THE PROBLEM: Please set down the data word for word; images do not go in the copy.

SUPPLIED RECORDS:
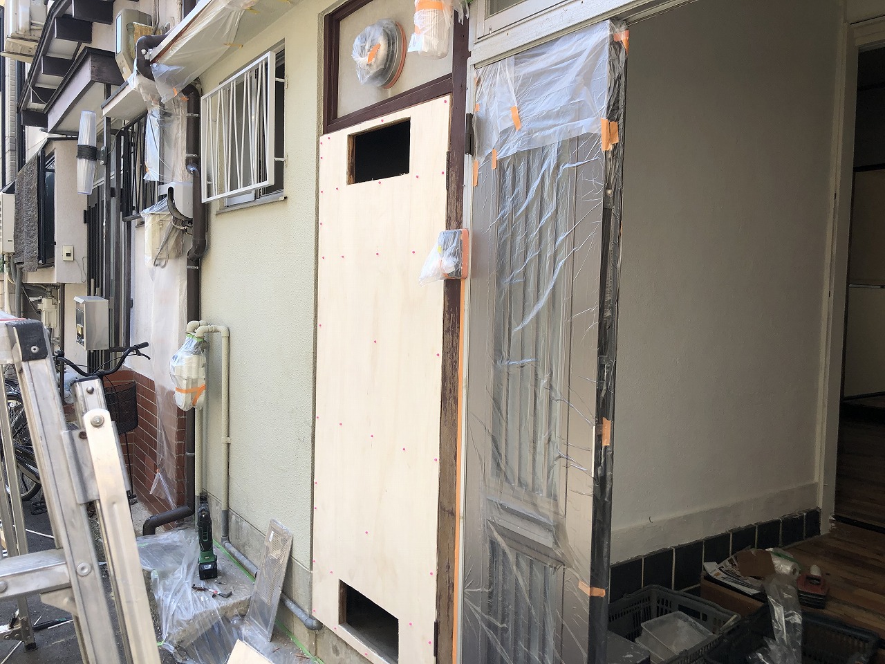 鉄部の錆止めと仕上げ塗りをしている間に前面の扉の改修をします。
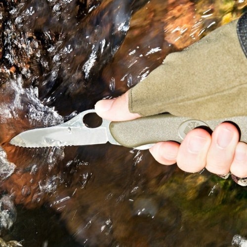 - Большое лезвие с возможностью открытия одной рукой и серейторной заточкой на 2/3
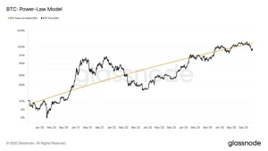El precio de Bitcoin está muy por debajo del modelo de ley de potencias, lo que plantea dudas sobre la reversión a la media o la invalidez del modelo.
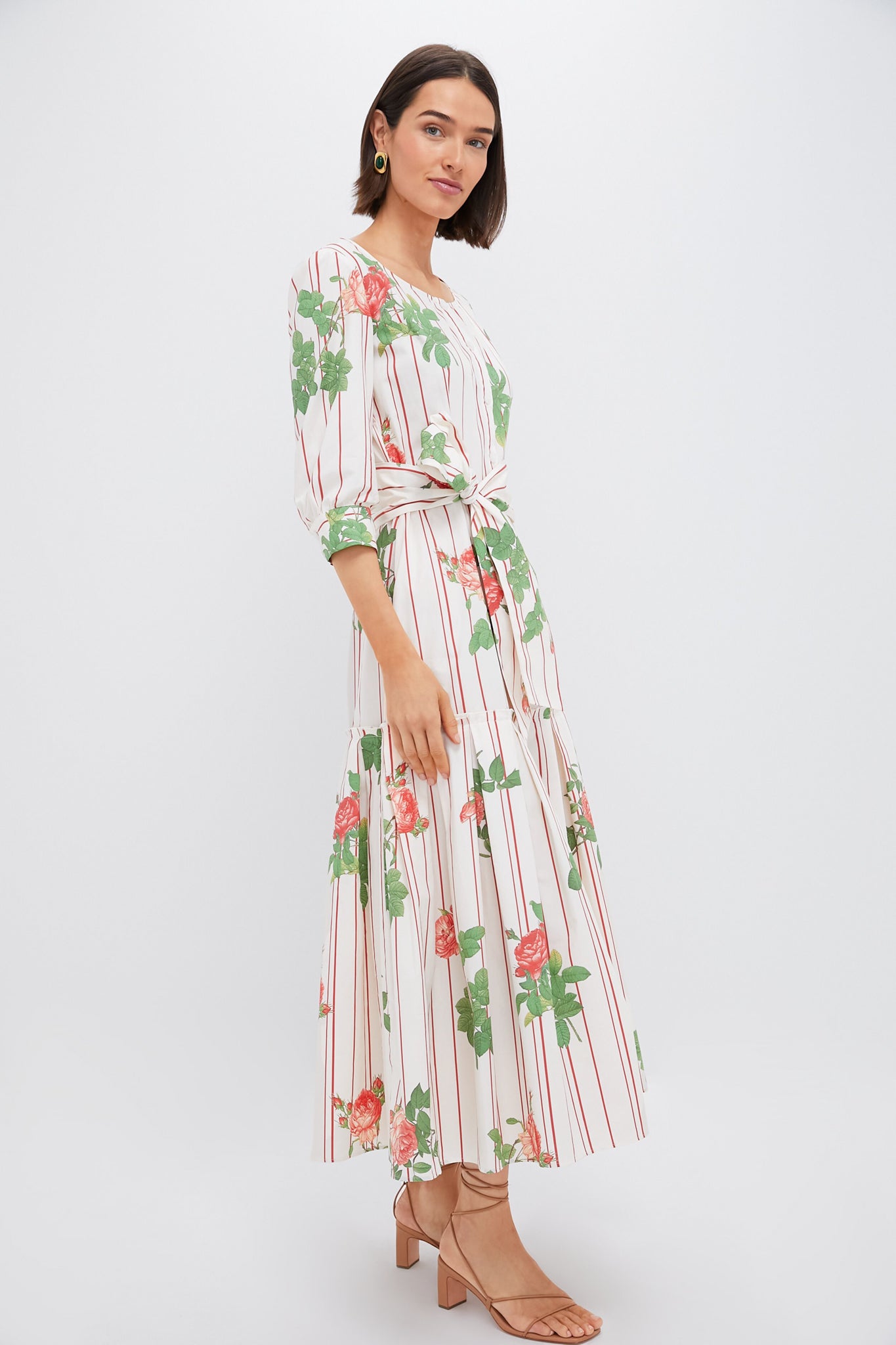 The Rosa Fiora Dress is a beautiful floral maxi for your next springtime occasion. With a round neck. front button placket. self tie belt. and tiered skirt. no detail was left behind on this beauty! Perfect for springtime holidays. shower celebrations. or an elevated vacation dinners Al Fresco. we styled it with nude heeled sandals and a woven tote!
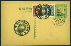 1948 (19 Feb.) An unaddressed CNC surch. $50 on $10 green SYS Torch design stationery pc tied by bilingual 'NANKING' cds,
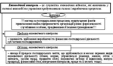 Вирізняють такі взаємозалежні складові економічного контролю (рис.1.2).
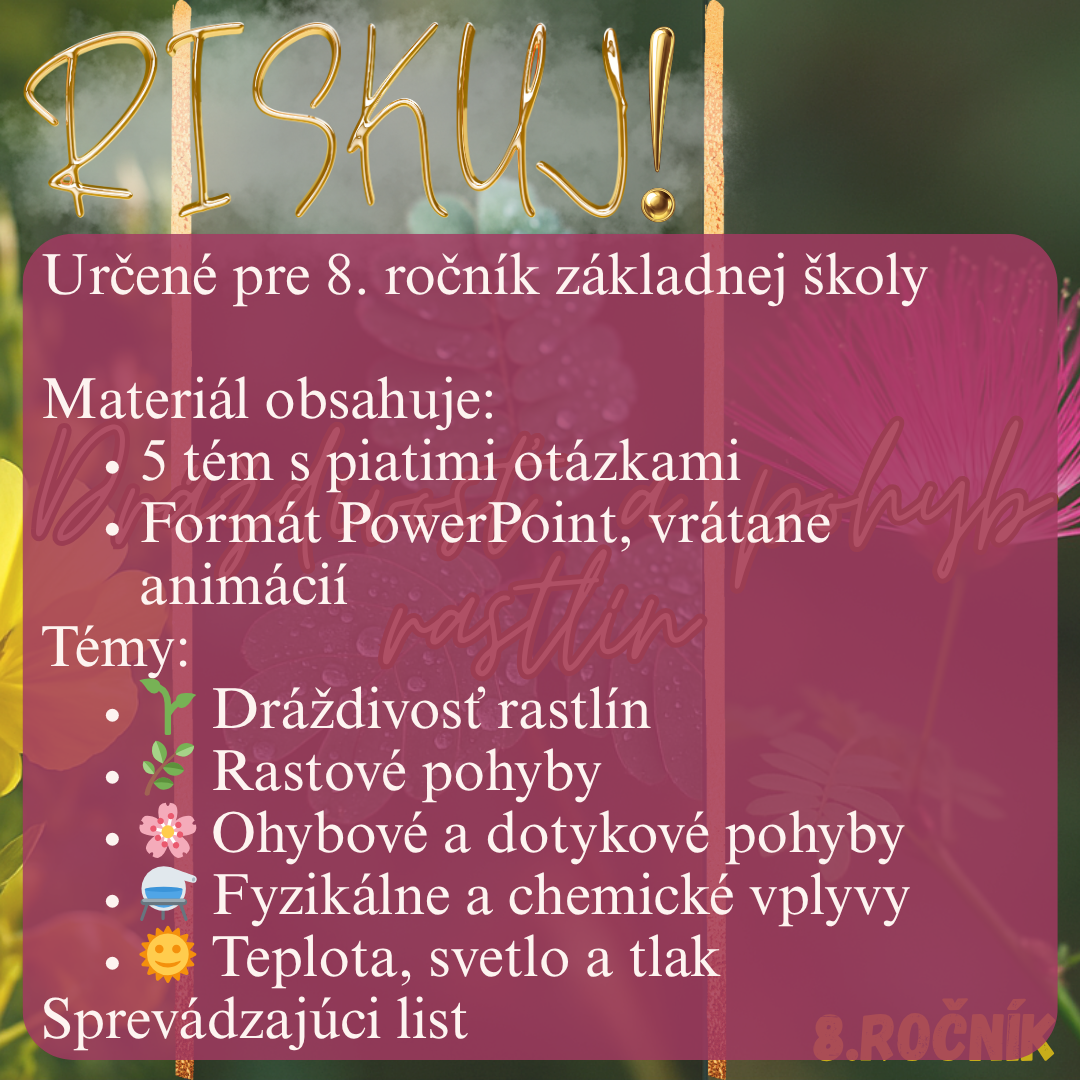 Materiál RISKUJ! – Dráždivosť a pohyb rastlín je interaktívna a zábavná aktivita určená pre žiakov 8. ročníka základnej školy.
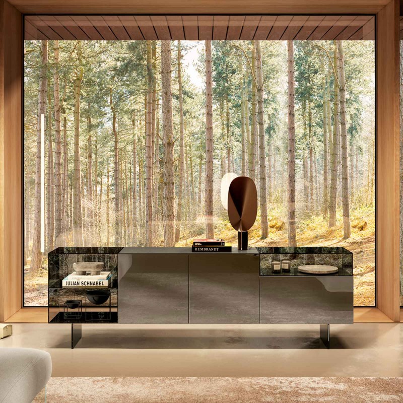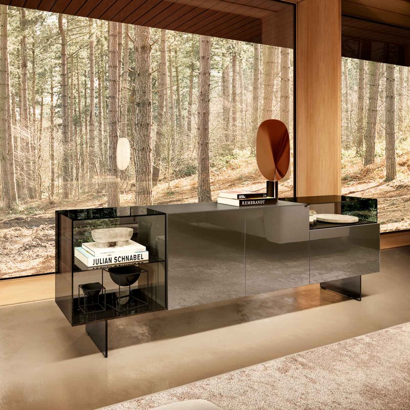 Lago reinterpreta un classico della propria collezione: 36e8, il sistema versatile di contenitori dai volumi decisi con l'elegante lavorazione a 45 gradi e alternanze in vetro, ora anche nella finitura fumè grigio o bronzo. Madie sofisticate dal design contemporaneo, che si svelano in un gioco di pieni e vuoti esaltati da finiture come il vetro lucido o opaco, effetti marmorei o legno con XGlass o in legno Wildwood.
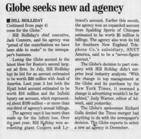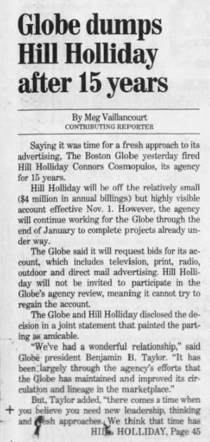 Favorite line: “The Globe and Hill Holliday disclosed the decision in a joint statement that painted the parting as amicable.”
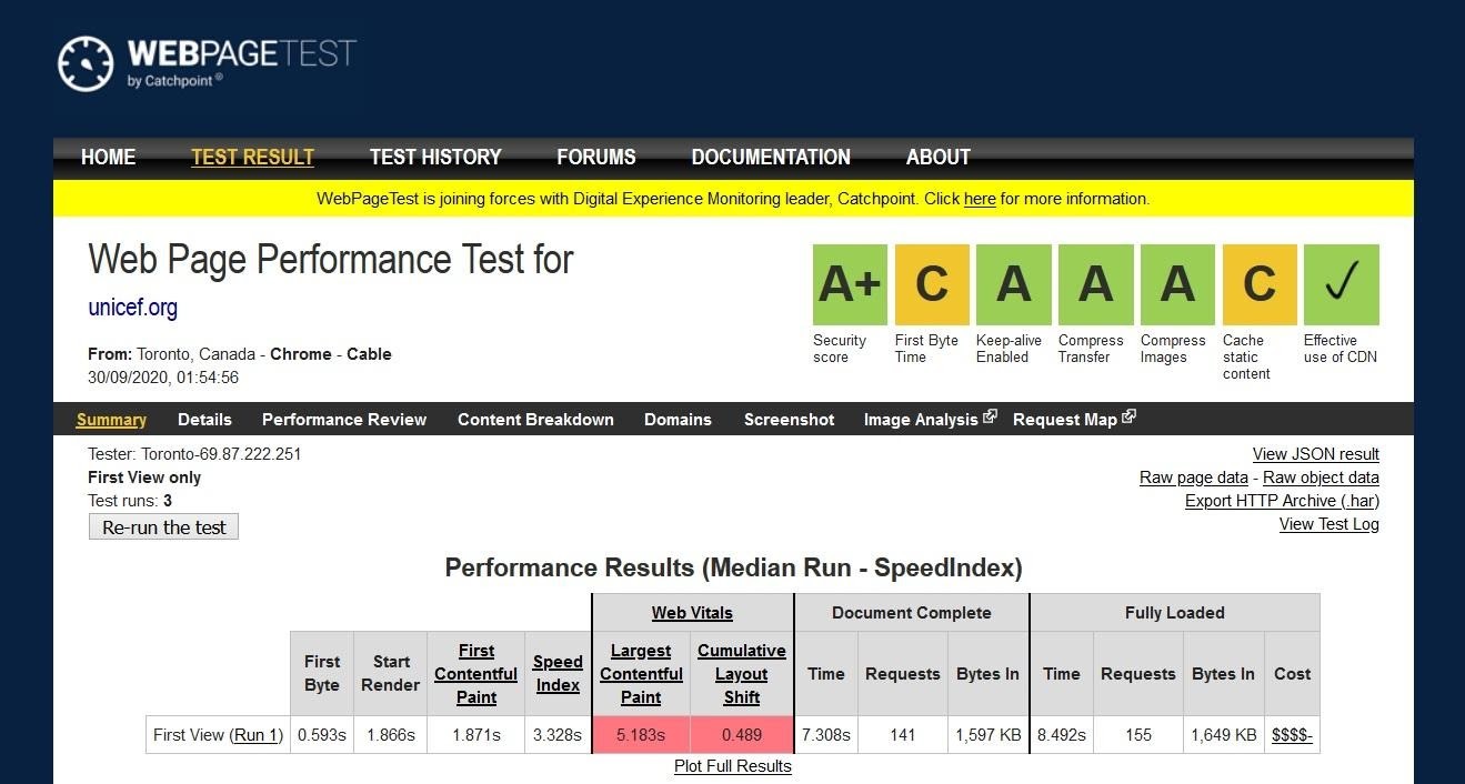 - Step 1: Analyze your overall performance. On the above screenshot, you can see that unicef.org received mostly A’s and a couple of C’s. Still, there are a few metrics that need attention (see: red highlights).

WRITTEN RESPONSE:
 鉄部の錆止めと仕上げ塗りをしている間に前面の扉の改修をします。
 - Большое лезвие с возможностью открытия одной рукой и серейторной заточкой на 2/3
El precio de Bitcoin está muy por debajo del modelo de ley de potencias, lo que plantea dudas sobre la reversión a la media o la invalidez del modelo.
 The Rosa Fiora Dress is a beautiful floral maxi for your next springtime occasion. With a round neck. front button placket. self tie belt. and tiered skirt. no detail was left behind on this beauty! Perfect for springtime holidays. shower celebrations. or an elevated vacation dinners Al Fresco. we styled it with nude heeled sandals and a woven tote!
 1948 (19 Feb.) An unaddressed CNC surch. $50 on $10 green SYS Torch design stationery pc tied by bilingual 'NANKING' cds,
 Вирізняють такі взаємозалежні складові економічного контролю (рис.1.2).
 Materiál RISKUJ! – Dráždivosť a pohyb rastlín je interaktívna a zábavná aktivita určená pre žiakov 8. ročníka základnej školy.
 Lago reinterpreta un classico della propria collezione: 36e8, il sistema versatile di contenitori dai volumi decisi con l'elegante lavorazione a 45 gradi e alternanze in vetro, ora anche nella finitura fumè grigio o bronzo. Madie sofisticate dal design contemporaneo, che si svelano in un gioco di pieni e vuoti esaltati da finiture come il vetro lucido o opaco, effetti marmorei o legno con XGlass o in legno Wildwood.
 Favorite line: “The Globe and Hill Holliday disclosed the decision in a joint statement that painted the parting as amicable.”
 - Step 1: Analyze your overall performance. On the above screenshot, you can see that unicef.org received mostly A’s and a couple of C’s. Still, there are a few metrics that need attention (see: red highlights).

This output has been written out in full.